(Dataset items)

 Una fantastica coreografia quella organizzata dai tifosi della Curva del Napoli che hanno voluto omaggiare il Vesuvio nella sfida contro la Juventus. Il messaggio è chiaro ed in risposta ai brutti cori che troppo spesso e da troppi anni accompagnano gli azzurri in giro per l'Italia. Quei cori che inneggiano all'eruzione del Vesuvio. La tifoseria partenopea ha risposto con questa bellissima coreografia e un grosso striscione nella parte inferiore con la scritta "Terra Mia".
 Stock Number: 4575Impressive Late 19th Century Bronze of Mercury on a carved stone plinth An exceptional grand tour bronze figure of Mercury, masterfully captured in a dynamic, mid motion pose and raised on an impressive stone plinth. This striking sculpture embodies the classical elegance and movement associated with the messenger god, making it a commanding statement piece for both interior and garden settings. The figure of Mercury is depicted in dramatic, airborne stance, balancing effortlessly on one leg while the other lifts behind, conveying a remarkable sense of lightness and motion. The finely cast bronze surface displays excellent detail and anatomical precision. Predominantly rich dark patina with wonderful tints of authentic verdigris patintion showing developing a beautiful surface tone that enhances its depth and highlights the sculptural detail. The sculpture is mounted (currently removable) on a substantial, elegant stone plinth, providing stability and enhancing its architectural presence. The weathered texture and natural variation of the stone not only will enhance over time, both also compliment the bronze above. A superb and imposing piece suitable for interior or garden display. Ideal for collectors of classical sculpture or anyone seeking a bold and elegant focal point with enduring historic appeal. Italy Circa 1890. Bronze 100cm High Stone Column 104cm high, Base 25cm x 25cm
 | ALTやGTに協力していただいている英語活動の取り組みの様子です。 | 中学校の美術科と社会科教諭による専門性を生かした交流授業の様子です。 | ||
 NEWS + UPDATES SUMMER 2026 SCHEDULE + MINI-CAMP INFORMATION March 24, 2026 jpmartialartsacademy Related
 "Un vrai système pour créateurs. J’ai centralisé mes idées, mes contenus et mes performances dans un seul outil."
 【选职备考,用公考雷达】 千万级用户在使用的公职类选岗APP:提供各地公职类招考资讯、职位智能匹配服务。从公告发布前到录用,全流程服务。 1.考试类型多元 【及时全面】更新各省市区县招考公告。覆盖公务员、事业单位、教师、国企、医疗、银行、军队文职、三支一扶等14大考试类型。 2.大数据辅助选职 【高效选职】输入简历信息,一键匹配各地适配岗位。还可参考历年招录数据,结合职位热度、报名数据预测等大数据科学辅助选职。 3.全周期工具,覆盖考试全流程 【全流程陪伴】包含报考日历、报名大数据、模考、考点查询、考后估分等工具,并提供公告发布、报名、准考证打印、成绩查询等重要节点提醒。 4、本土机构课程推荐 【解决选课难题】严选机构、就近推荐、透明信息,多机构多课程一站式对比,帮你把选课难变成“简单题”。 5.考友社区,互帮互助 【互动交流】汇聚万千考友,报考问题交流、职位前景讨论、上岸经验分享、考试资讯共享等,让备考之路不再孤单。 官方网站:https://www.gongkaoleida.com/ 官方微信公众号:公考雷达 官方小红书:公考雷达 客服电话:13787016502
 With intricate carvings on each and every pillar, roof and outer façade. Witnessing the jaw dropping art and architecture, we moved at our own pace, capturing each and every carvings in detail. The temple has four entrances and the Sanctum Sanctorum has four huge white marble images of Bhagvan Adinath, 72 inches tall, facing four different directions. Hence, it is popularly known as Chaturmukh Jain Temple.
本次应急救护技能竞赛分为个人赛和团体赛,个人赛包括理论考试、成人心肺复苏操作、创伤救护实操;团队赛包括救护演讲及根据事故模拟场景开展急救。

> _Exercise_: Search the data above for the string "detail" and return every line that has it.

> _Result_:
 Stock Number: 4575Impressive Late 19th Century Bronze of Mercury on a carved stone plinth An exceptional grand tour bronze figure of Mercury, masterfully captured in a dynamic, mid motion pose and raised on an impressive stone plinth. This striking sculpture embodies the classical elegance and movement associated with the messenger god, making it a commanding statement piece for both interior and garden settings. The figure of Mercury is depicted in dramatic, airborne stance, balancing effortlessly on one leg while the other lifts behind, conveying a remarkable sense of lightness and motion. The finely cast bronze surface displays excellent detail and anatomical precision. Predominantly rich dark patina with wonderful tints of authentic verdigris patintion showing developing a beautiful surface tone that enhances its depth and highlights the sculptural detail. The sculpture is mounted (currently removable) on a substantial, elegant stone plinth, providing stability and enhancing its architectural presence. The weathered texture and natural variation of the stone not only will enhance over time, both also compliment the bronze above. A superb and imposing piece suitable for interior or garden display. Ideal for collectors of classical sculpture or anyone seeking a bold and elegant focal point with enduring historic appeal. Italy Circa 1890. Bronze 100cm High Stone Column 104cm high, Base 25cm x 25cm
 With intricate carvings on each and every pillar, roof and outer façade. Witnessing the jaw dropping art and architecture, we moved at our own pace, capturing each and every carvings in detail. The temple has four entrances and the Sanctum Sanctorum has four huge white marble images of Bhagvan Adinath, 72 inches tall, facing four different directions. Hence, it is popularly known as Chaturmukh Jain Temple.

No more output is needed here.